In Reply to: I'm confuzzled.. posted by Taceas on April 21, 2003 at 22:22:07:

:Hopefully that charcoal male will turn out to be het amel. That'd be a huge bonus for you to be able to produce blizzards in the first gen.

:Am I thinking wrong in thinking that a blizzard is amel x anery B? I thought for me to produce a blizzard, I need one parent amel (or het amel) and one parent charcoal (or het charcoal). Which I would have by having a blizzard female and charcoal male, correct?

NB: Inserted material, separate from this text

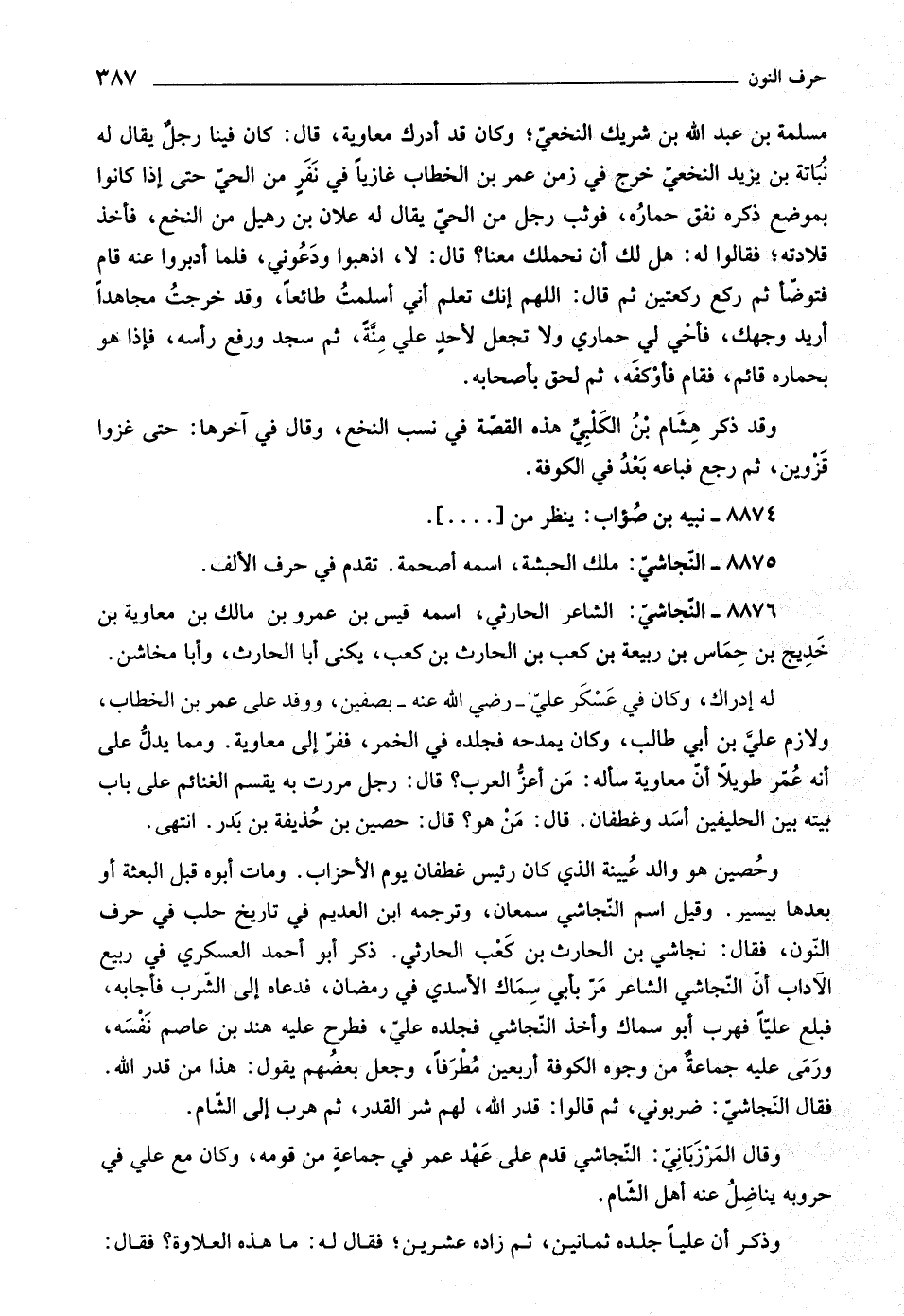 وقال المرزبانيّ: النّجاشي قدم على عهد عمر في جماعة من قومه، وكان مع علي في حروبه يناضل عنه أهل الشّام.

Yeah, a blizzard is a combo of the amel and charcoal mutations. Thing is, though, that both mutations are recessive...don't know how much you know about genetics, so I apologize if I'm oversimplifying here.

In each chromosome pair there are two complimentary copies of genetic code. Take the amelanism locus (location on the chromosome pair), for example. If both chromosomes are mutated at the amelanism locus, the ability to produce melanin is lost and the snake is 'amelanistic'. In order for this to happen, BOTH of the pair must be mutated...i.e. the animal is homozygous for this mutation.

For grins, let's represent this as 'aa'.

'a' for 'amelanism', lowercase to denote that it's a recessive trait.

You would then let 'A' represent the wild type normal appearance.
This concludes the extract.